Initial hydrocarbon production from subterranean reservoirs is generally referred to as "primary" production. During primary production, only a fraction of the hydrocarbon in the reservoir is recovered. Thereafter, additional hydrocarbon can be recovered employing enhanced hydrocarbon recovery techniques by injecting fluids such as water, steam, nitrogen, CO.sub.2 or natural gas into the reservoir and such subsequent production is generally referred to as "secondary" or "tertiary" production. Enhanced recovery techniques generally depend on the injected fluid to displace the hydrocarbon from its in-situ location and direct it towards a producing well from which it can be recovered. Because of the substantial economic cost required to develop and implement enhanced recovery techniques, it is critically important for a reservoir engineer to characterize the storage and flow capacity of a hydrocarbon bearing reservoir. More particularly, it is important for the reservoir engineer to describe the distribution of porosity, permeability, and thickness of the various reservoir layers and to be able to optimize both the spacing and operating conditions of injection and preduction wells for producing hydrocarbons from a multilayer reservoir. Geological, geophysical and petrophysical analyses can provide a good starting point for an initial estimate of such reservoir properties. However, such analyses can be seriously limited especially with regard to their inability to accurately describe the vertical variation of in-situ reservoir permeability.

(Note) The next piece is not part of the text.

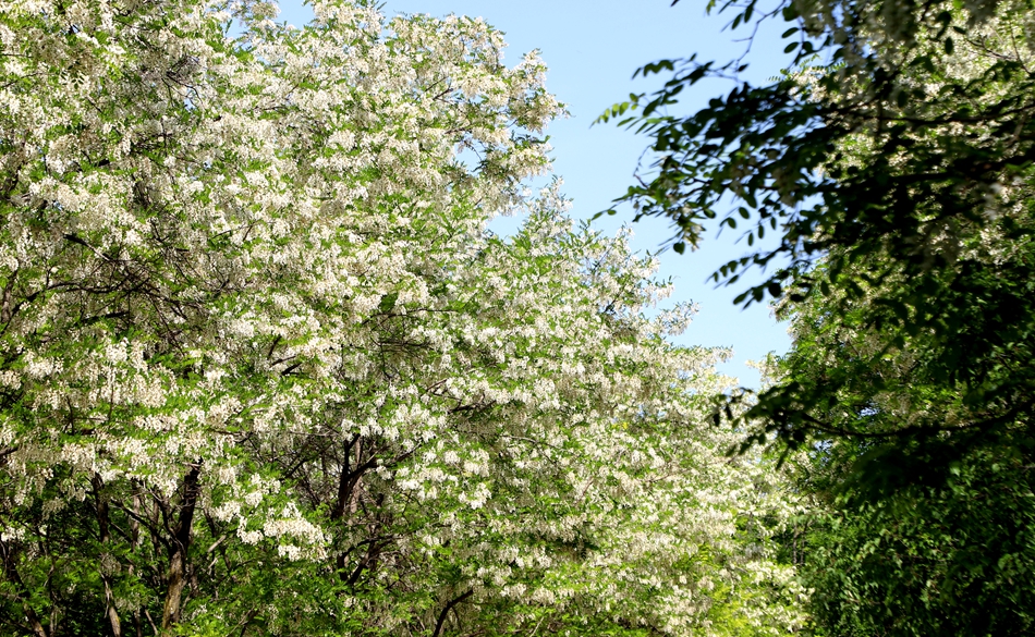 五月的清水,槐花盛开,槐香满城。清水县邽山的槐花竞相绽放、漫山遍野的洋槐花灿然盛开,十分壮观。微风拂来,空气里到处弥漫着槐花香味,一簇簇洁白的槐花点缀在青枝翠叶之间,仿佛一串串白色的风铃在风中摇曳,散发出的清香让人如痴如醉。
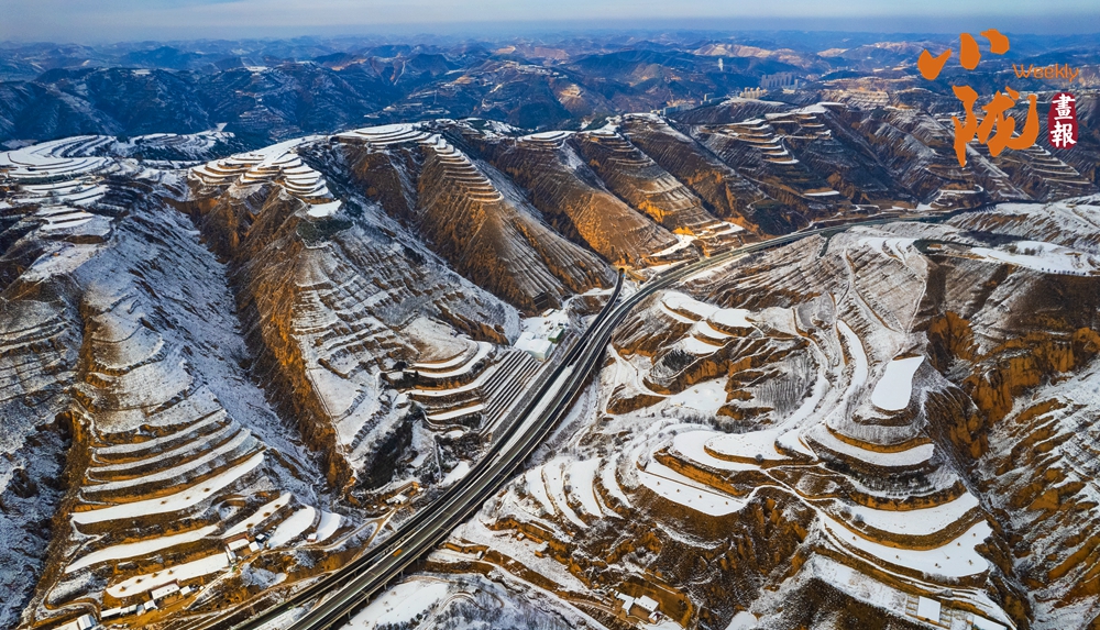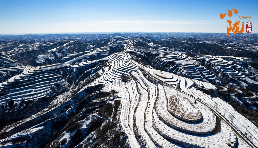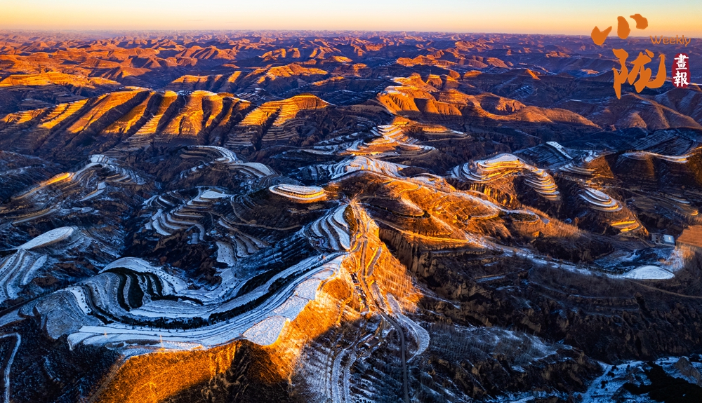俯瞰雪后華池,溝壑縱橫的黃土高原披上銀裝,陽光斜照雪野之上,投下深淺交錯(cuò)的光影,靜謐中流轉(zhuǎn)著溫柔的明暗,純凈而遼遠(yuǎn)。

Experience in the petroleum industry has indicated that reservoir storage and flow parameters obtained from geological, geophysical and petrophysical data can be used to develop a model of the reservoir and thereafter the model can be input into a numerical reservoir simulator to obtain predictions of reservoir response or performance during enhanced hydrocarbon recovery. The goal of such numerical reservoir simulators is to predict reservoir performance in more detail and with more accuracy than is possible with simple extrapolation techniques. Unfortunately, one seldom knows enough about a reservoir to develop an accurate model describing reservoir storage and flow parameters without testing it in some way and iteratively altering the model of the reservoir until it produces acceptable results. Given the limited amount of information available to delineate the reservoir model, the most useful--and usually the only--way to test the model description of reservoir storage and flow parameters is to simulate past performance of the reservoir and compare the simulation with actual, historical performance. Typically, such "history matching" is done on a trial-and-error basis by modifying selected reservoir storage and flow parameters upon which the reservoir model was derived and iteratively running the numerical reservoir simulator until eventually the simulated performance matches the historical performance.
The history matching technique can be an especially useful and powerful technique to determine reservoir storage and flow parameters. Although such numerical reservoir simulators coupled with trial-and-error history matching techniques have been used with some success to develop reservoir storage and flow parameters, they can consume substantial amounts of computing time as well as be quite expensive and frustrating because reservoir storage and flow parameters can be very complex with numerous interactions. While there are many methods of combined numerical reservoir simulation and trial-and-error history matching, no universally applicable method has evolved. Moreover, such techniques typically involve iteratively, manually adjusting selected reservoir storage and flow parameters and recalculating reservoir performance with the numerical reservoir simulator. Making changes by guessing or by following one's intuition can be expensive and will usually prolong the history matching analysis.
In order to address the aforementioned shortcomings of conventional history matching techniques, the present invention provides an automated method of history matching whereby flow parameters of the reservoir can be determined more quickly and less expensively than can be achieved using present techniques. Additionally, the present invention provides a novel method for determining the optimum injection and production well pattern on spacing as well as optimum operating conditions for producing hydrocarbons from a multilayer reservoir.